Veteran Shows How Daily Tasks Like Opening Biscuits Can Be Impacted by PTSD

Chad Garcia, a 39-year-old army veteran, is using his social media platform to show just how post-traumatic stress disorder (PTSD) from service can impact even the simplest tasks in life.

Garcia gained over 2 million views with his clip showing how a task like opening a tube of biscuit dough can be affected.

Garcia was medically retired from his time in the army airborne infantry in 2014, but fights the after effects of it to this day. Through his TikTok account he documents his struggles with PTSD and recovering from alcohol addiction—two things often faced by veterans.

Late December 2021, Garcia shared a video of him attempting to open a tube of biscuits in his kitchen, popping it open with a spoon. Unlike most, however, it was more than just a routine task.

"These damn things are awful for dudes with post traumatic stress disorder from IEDs [improvised explosive device] and PRGs [rocket-propelled grenade]," he wrote on screen. "Especially while your kids are being wild in the background."

In the video, he used the spoon to pop open the tube, using it to break the packaging's seal. With a tense look on his face, he began to open it before stepping back for a second. After attempting a second time, and successfully opening the package, he instinctively dropped the spoon and took a complete leap away from it.

The video can also be seen in full here.

Garcia took to a follow-up video to explain his thought process during these everyday situations, saying: "Am I looking at a tube of biscuits?
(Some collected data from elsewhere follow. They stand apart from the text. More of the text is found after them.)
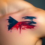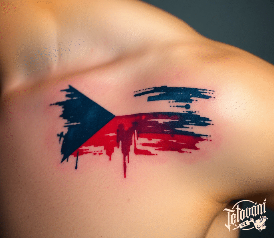 Tetování abstraktní česká vlajka pod klíční kostí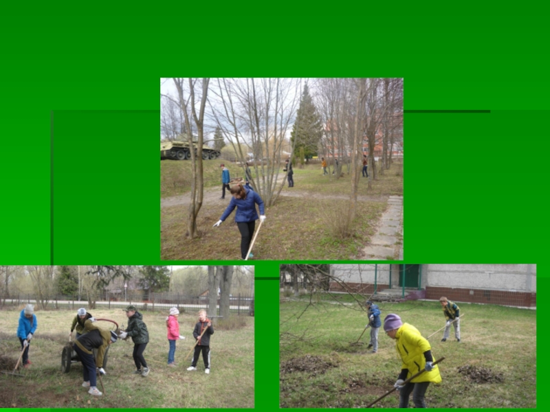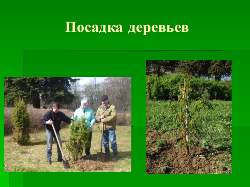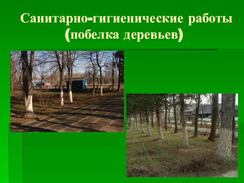Слайд 14 Санитарно-гигиенические работы (побелка деревьев)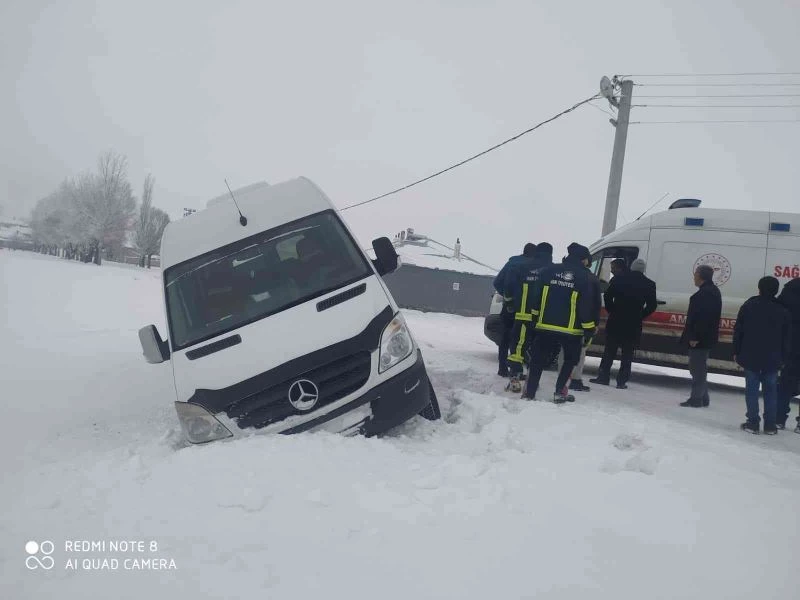 Van’ın Özalp ilçesinde kar yağışından dolayı kontrolden çıkan minibüs kara saplanırken, 1 kişi de yaralandı.

Yeah. Do I know it's coming? Yeah. Those [war] are abnormal situations, so reacting to it in certain ways is completely normal. It's a normal reaction to abnormal situations.

"Going downstairs and getting a little biscuit tube to 'pop' might be the one thing that sends my day into a bad direction," he said, explaining how such menial tasks can impact the life of a PTSD survivor.

On why his kids being wild in the background isn't an issue to confront for him just yet, he explained that at the ages of two, five and seven, he is yet to explain everything to them as "the two year old isn't going to know, the five year old isn't really going to know, the seven year old might grasp it but I just want them to be kids."

"They shouldn't have to conform to it, I need to learn how to cope when they're screaming and bouncing off the walls and my anxiety is up, I need to learn how to step away, it's me that needs to learn to do the coping."

According to the U.S. Department of Veterans Affairs, around 11 to 20 percent of those who served in Operations Iraqi Freedom and Enduring Freedom have PTSD in any given year, while around 12 percent of Gulf War veterans do too.

A 2018 study found 17 percent of veterans who witnessed active combat report symptoms of probable PTSD.

Now, Garcia runs a nonprofit in California that invites veterans to skydive free of charge in a bid to "help reintegrate and reinvigorate the mind and spirit of veterans"—something he aims to do online too.

"It's reality," he wrote in a comment. "The more we all share, the more we can learn from each other."